Facts are mainly words. There is a subject not covered in this book that enables censoring, cancelling and de-platforming. The left is expert at shifting the meaning of words purposefully. For example, to be anti-racist in the past was about abhorring racist behaviour and calling it out when it’s evident. The new meaning is to affirm that white folk are systematically privileged and implicitly racist. You are racist if you are not vocal in asserting this way of thinking whenever and wherever you can. The left doesn’t falsify like the right, they redefine words, then censor, cancel and de-platform those who refuse to accept the redefinition. Healthy debate and the natural evolution of consensual truth is derailed. It’s a smart strategy that the right still does not understand. It’s as if they have turned up for a competition but haven’t been told the new rules.
Bias is our default setting. The Balkanisation of Western politics in the last few years is testament to this assertion. Jonathan has written a biased book. A point of view implies bias. What I find heart-warming is that his perspective is insightful, and he has worked hard to present a balanced commentary on the parlours state of the constitution of knowledge. However the commentary is not without bias, this is as good as it gets. A thoughtful reader looking for truth should be able to see past his more impassioned concerns regarding the manipulation of facts by the right than his worries about the cancel culture on the left. Few writers on this topic work hard enough to check their bias. I sense Jonathan works hard to check his bias. This is why I would would like him as a friend. A good faith friend with different views trumps (!) a dysfunctional ideologue, even when I agree with the idealogical position.

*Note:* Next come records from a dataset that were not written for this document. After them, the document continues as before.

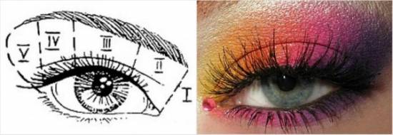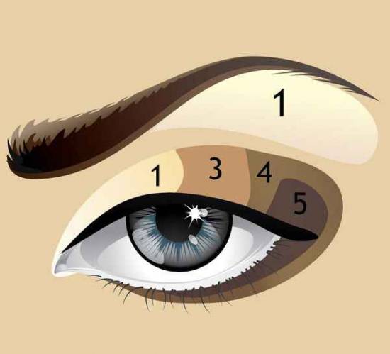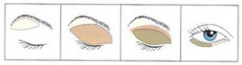 В вертикальной технике макияжа возможно и такое распределение оттенков, когда верхнее веко условно делится на четыре части: в уголок накладываются светлые тени, а дальше оттенки темнее. Самые светлые тени наносят под бровью. Затем их аккуратно растушёвывают.
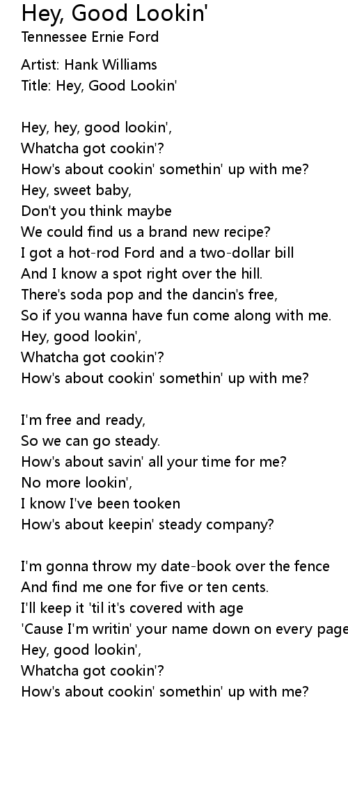 Hey, good lookin', |
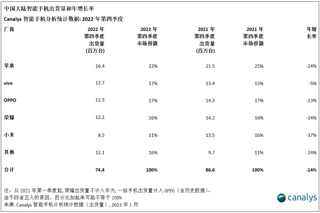 依据Canalys发布的研讨报告,2022年我国智能手机出货量同比下降14%至2.87亿部,是近十年来首度跌入3亿部以下,vivo摘得全年出货桂冠,仅荣耀和苹果别离完成全年增加30%和4%,别离位列商场第二和第三。高端顾客在经济动乱中展现出必定耐性,加上苹果的降价促销战略,其全年占有率以18%的成果创下史高。2022年第四季度,我国大陆手机商场仍旧在低位运转,全体出货7440万台,同比跌落14%。其间,苹果受发布节奏及郑州富士康出产连续性影响,同比跌落24%,但其仍依托iPhone14 系列的发布出货1640万台,位居第一。vivo遭到苹果旺季的竞赛, 以17%的商场份额位居第二,出货1270万台。OPPO(包括一加)出货1250万台,排名第三,坚持了其在第三季度的成果。荣耀出货1220万台,出货量排名下滑至第四。小米以850万台出货,坚持排名第五。
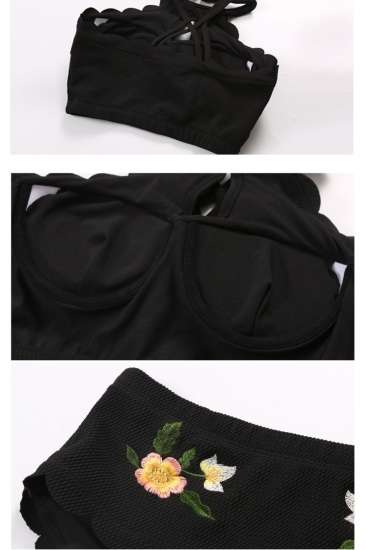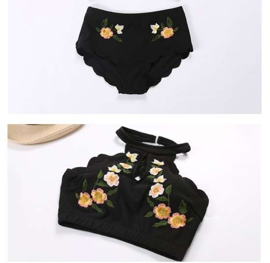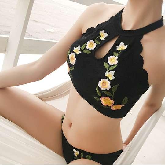 体型カバー 水着 ビキニタンキニ 大きいサイズ レディース 2019年新作 ビーチウェア 40代 30代 20代 刺繍 花柄 フリルカット バッククロス セットアップ 小胸 トレンド ローライズ スカラップ シンプル 着やせ 韓国 ママ水着 オシャレ かわいい XL 海 プール ビーチ
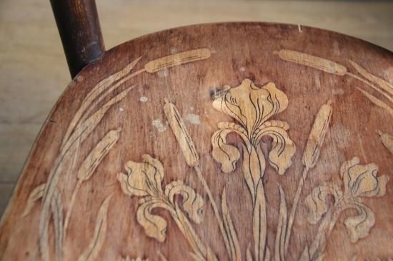 座面に描かれた花の彫り絵が素朴ながらエレガントさを感じさせ魅力的です。安定感のある丈夫な作りになっていますので、是非お家で日常使いいただきたいお品。
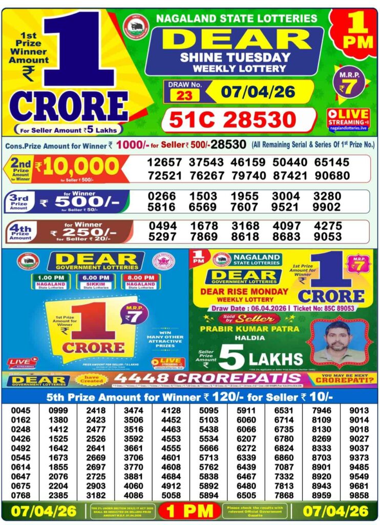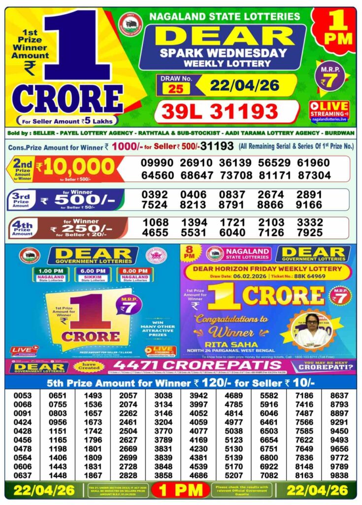 The main benefit in Nagaland State Lottery and West Bengal State Lottery is that the first prize is worth Rs. 1 Crore. If you can win this your life will be prosperous. You can then begin any type of business. That will allow you to pay for the costs of your family.
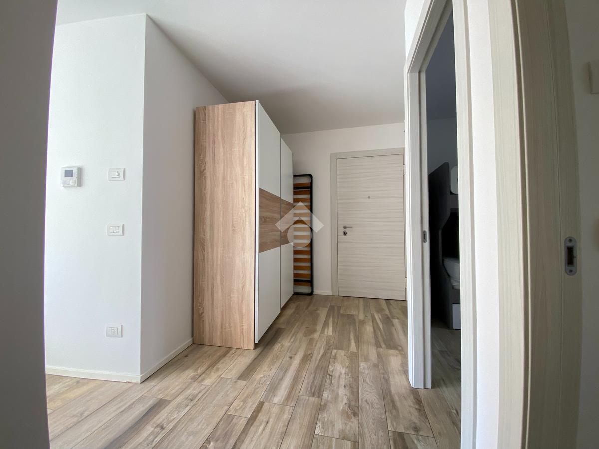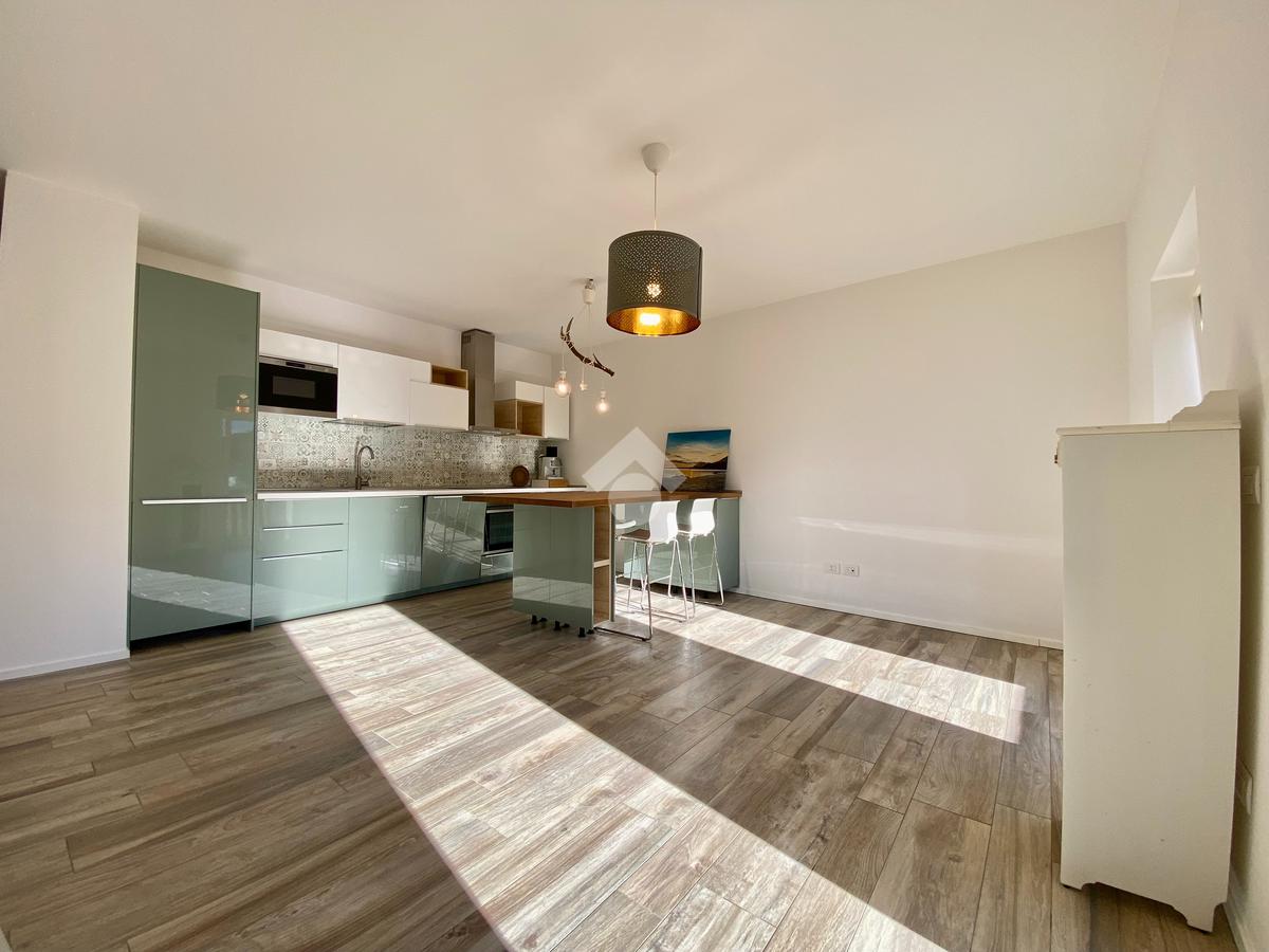 Situato al primo piano, l'appartamento si apre su un ingresso accogliente che conduce a una luminosa zona giorno open space. Da qui, potrete accedere al balcone esposto a est, che offre una splendida vista. L'appartamento dispone di una camera matrimoniale e una camera singola, entrambe progettate per garantire il massimo comfort. Il bagno, moderno e spazioso, è dotato di un'ampia doccia, ideale per momenti di relax.
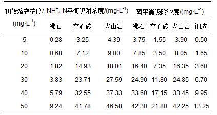 準(zhǔn)確稱取沸石、空心磚、火山巖(沸石、空心磚、火山巖、鋼渣)1 g于100 mL的錐形瓶中,分別準(zhǔn)確加入NH+4-N(磷)濃度為0、5、10、20、30、40、50 mg · L-1的NH4Cl(KH2PO4)溶液50 mL,加入2滴氯仿以防止微生物活動(dòng).將樣品置于水浴恒溫振蕩器中,在150 r · min-1、25 ℃的條件下,振蕩時(shí)間24 h,取出樣品測定NH+4-N(磷)濃度,計(jì)算吸附量.實(shí)驗(yàn)在相同條件下設(shè)置3平行.
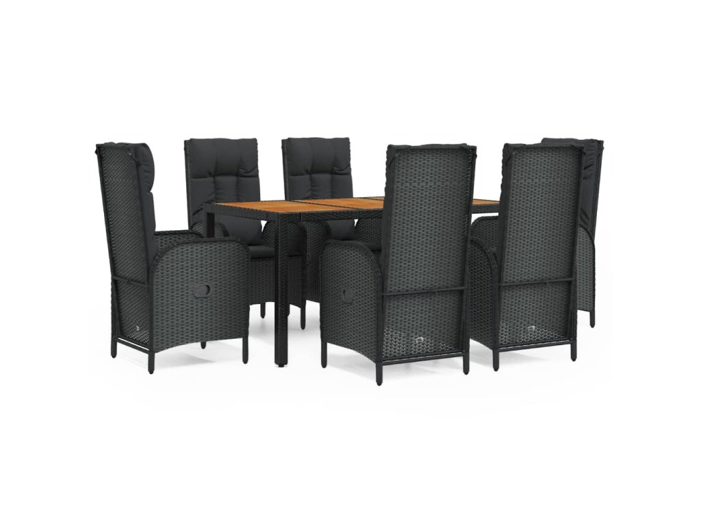 - Materiál: PE ratan, práškovaná oceľ, masívne akáciové drevo s olejovým náterom
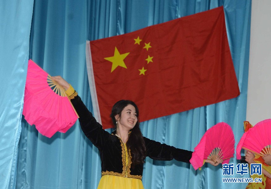 6月9日,學生代表在烏茲別克斯坦首都塔什干的烏世界語言大學禮堂表演節目。
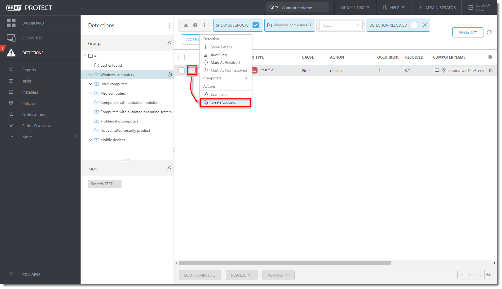 Click the detection and select Create Exclusion.
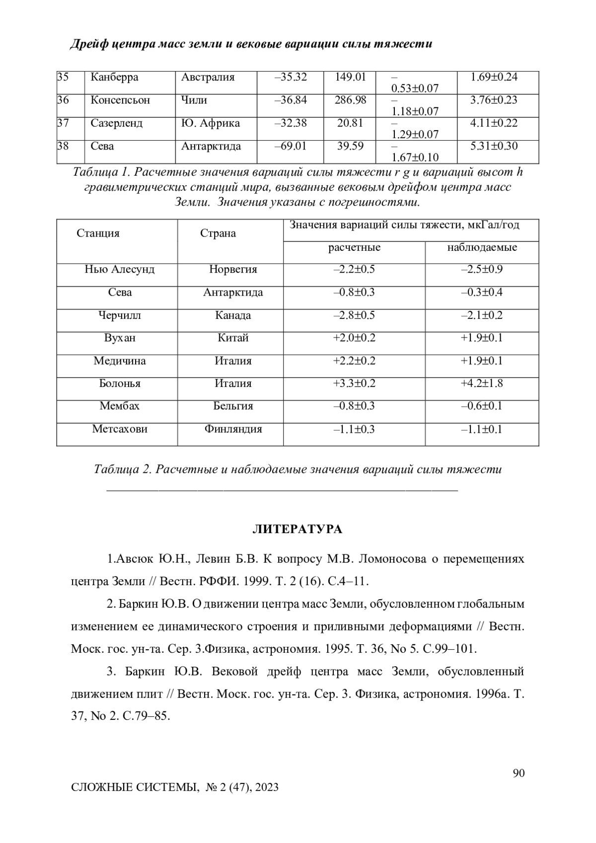 Статья: ДРЕЙФ ЦЕНТРА МАСС ЗЕМЛИ И ВЕКОВЫЕ ВАРИАЦИИ СИЛЫ ТЯЖЕСТИ (2023)
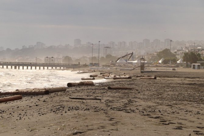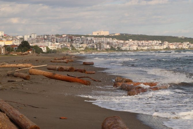 Sinop Ayancık'ta yaşanan sel felaketinde denize sürüklenen tomruklar Samsun sahiline vurmaya devam ediyor.
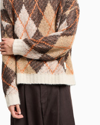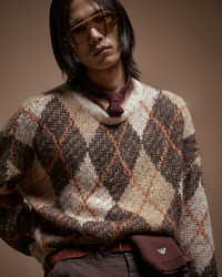 Oversized round-neck jumper made from a blend of responsibly sourced wool and recycled fibres. The jacquard creates a classic Argyle motif with typical diamond pattern. Imagine walking the hectic streets of New York, where every corner tells a story, every street has its own pace. The New York AW25 collection is inspired by this unique energy, intertwining the dynamism of the metropolis with comfort and modern street style. Fabric: 47% recycled polyamide, 25% wool from responsible farming Jacquard Argyle pattern Rounded neckline Long sleeves Ribbed trim Logo patch at the hem on the left Product Code: EM002500AF19842F6001
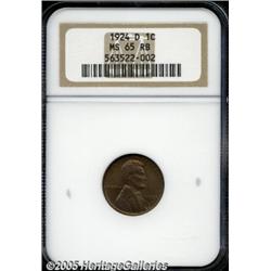 <B>1924-D 1C MS65 Red and Brown NGC.</B></I> Multicolored toning occupies the obverse, while the reverse is mostly faded red, gold, and light blue. The surfaces are seemingly free of any mentionable marks. Population: 62 in 65, 2 finer (2/05).
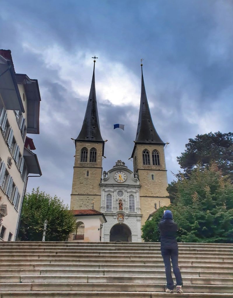 Cruzando la calle del casco viejo hacia el lago se llega a la Catedral de Lucerna, una hermosa construcción de 1639 a la que no pudimos entrar porque con la pandemia los horarios estan restringidos solo a servicios religiosos.
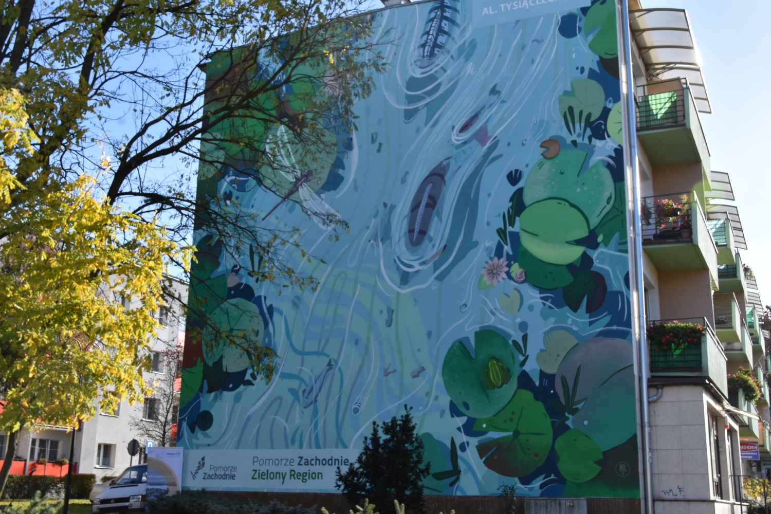 Ekomalowidła są efektywnym filtrem powietrza, a także wizytówką zielonego regionu, ozdobą miejskich przestrzeni. Kolejne dwa efektowne murale - z siedmiu realizowanych w tym roku - powstały w Połczynie-Zdroju (ul. Grunwaldzka 3) i Wałczu (ul. Tysiąclecia 2A). W oficjalnych prezentacjach uczestniczyli Anna Bańkowska i Stanisław Wziątek - Członkowie Zarządu Województwa Zachodniopomorskiego, przedstawiciele lokalnych samorządów i mieszkańcy. Na uroczystość przyjechał również Dominik Dziedzina, przedstawiciel kolektywu artystów z MurallStudio, którzy wykonali ogromne malowidła na elewacjach budynków.
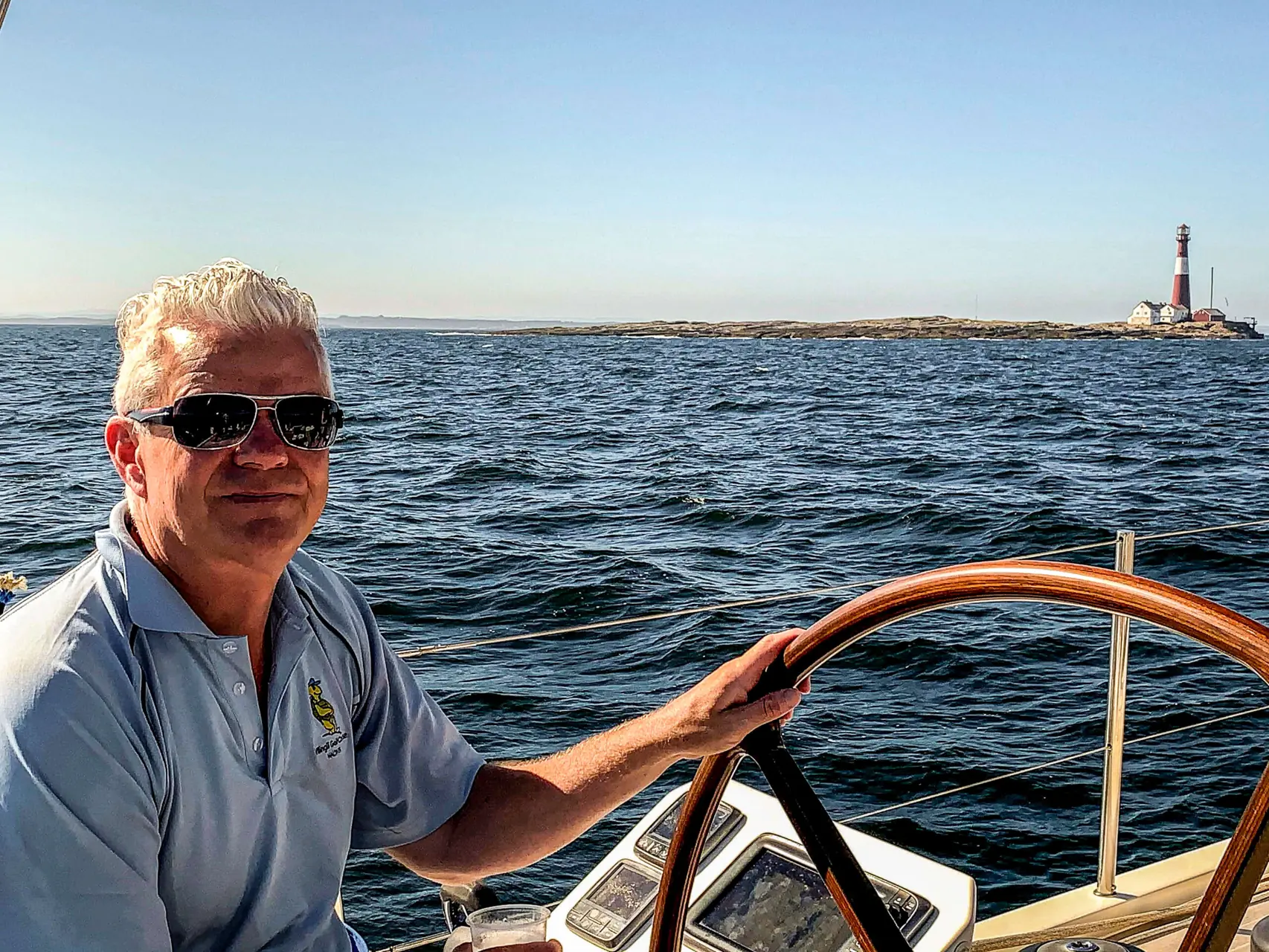 Grå seil over Nordsjø seiler. Det er godt å se Færder Fyr. Nesten litt klump i halsen. Underveis har vi hatt doble vakter. En hovedvakt og en standby, men begge på dekk, ihvertfall i cockpit. Dessverre måtte vi håndstyre de siste dagene fra Dovers breddegrad. Maten underveis hadde Daniella laget før avreise og frosset ned. Jeg hadde gitt beskjed om mat til fire personer i fire uker. Vi kommer til å spise fra fryser’n i lang tid...
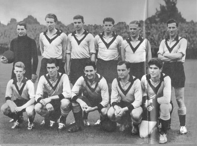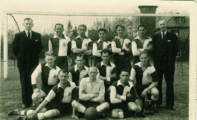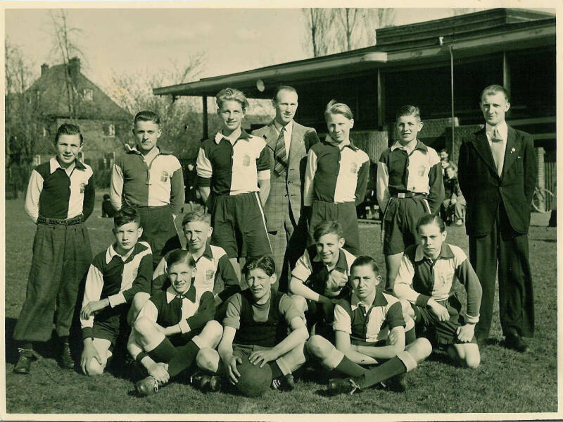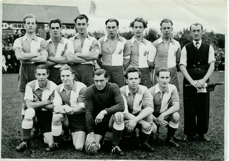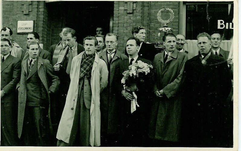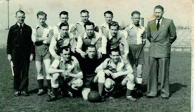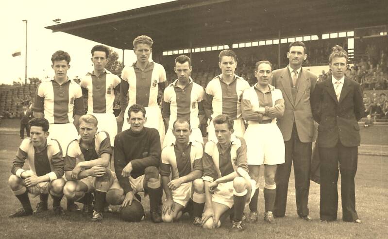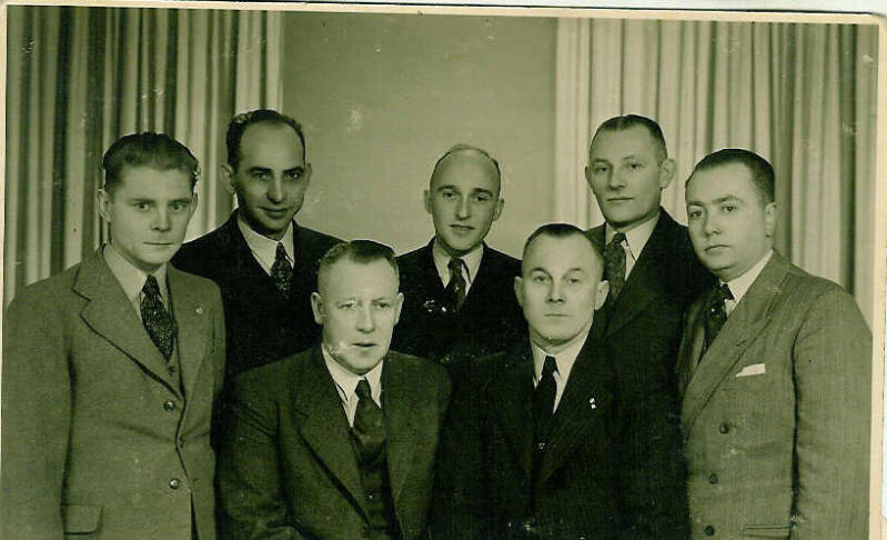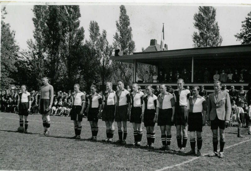 Staand v.l.n.r. Gerrit Meers, Albert Kollerie, Jan Visser, Wolfram Arnthof, Gerrit Peters, Johan Nijhuis. Herman Stuvenfolt, Gerrit Postma, Willem Oude Alink, J.Jurissen en Freek de Vries.
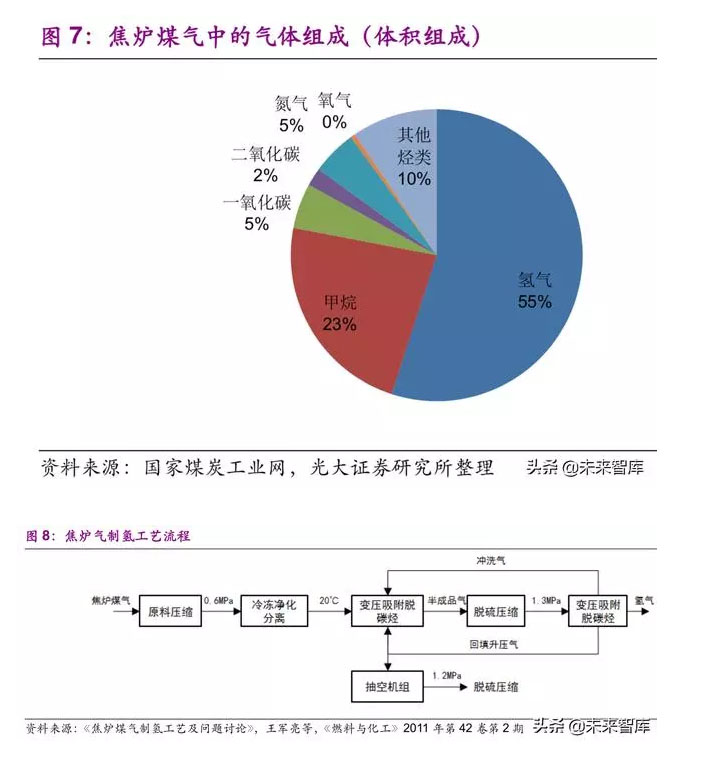 近年來由于環(huán)保要求趨嚴(yán),大部分焦炭裝置副產(chǎn)的焦?fàn)t煤氣下游都配套了 深加工裝置,用來作為合成氨、甲醇、LNG、合成氣制烯烴、合成氣制乙二醇 等裝置的原料。部分鋼廠配套建設(shè)的焦化廠,少數(shù)企業(yè)經(jīng)變壓吸附裝置提純氫 氣,作為冷軋廠等生產(chǎn)過程的保護(hù)氣或作為商品氣出售。除了上述應(yīng)用途徑之 外,仍有 50%左右的焦?fàn)t煤氣作為城市煤氣或企業(yè)自身燃料回爐助燃,因此理 論上全國(guó)焦化行業(yè)可以提供 325 萬噸副產(chǎn)氫氣用來滿足燃料電池需求。

I really wanted to give this work five stars. In all conscience, I cannot, there are two reasons: Treatment of the historical development of truth making institutions could have been stronger and linked more tightly to the evolutionary arc of Liberal Democracy. Secondly, an exploration of how the left change word meaning to enable cancel culture to thrive, would have offered a deeper insight into process of silencing legitimate enquiry. That said, this effort is worth the time and money for anyone trying to understand the Western world as it is in the 2020s.
Although the epistemic virtues proposed are crucial in the daily operations of Scientific Research , it is not clear how they can be extrapolated to the political world, in order to reconcile entrenched opposing political views on Brexit, or in the American case on gun control, same sex marriage or abortion? While the book’s approach is nuanced and objective, my criticism is that it is too American centric , devoid of comparative international or historical analysis. It would have been interesting to document how the pursuit of Science and knowledge is different, in authoritarian Societies, past and present. What is the evidence that suppression of political divergence and view point diversity impedes scientific progress or technical development in Modern China or Putin’s Russia? Are closed societies impervious to the same critical peer review procedures and objective appraisals in scientific endeavours? After all the great contributions of the Scientific Revolution were equally produced among Protestant libertarian regimes ( Scotland, England, Holland) and Catholic authoritarian societies( France, Italy, Poland). In spite of these reservations , this is a book that has been rightly praised for its intelligent insight into our present political and cultural dilemmas.
Rauch provides a fiery and compelling attack on the twins dangers of Trump/MAGA troll epistemology from the right and cancel culture from the left.
Rauch doesn’t shy away from the reality of how powerful and threatening these forms of epistemic warfare are. We can’t be complacent. But this is an optimistic and hopeful book.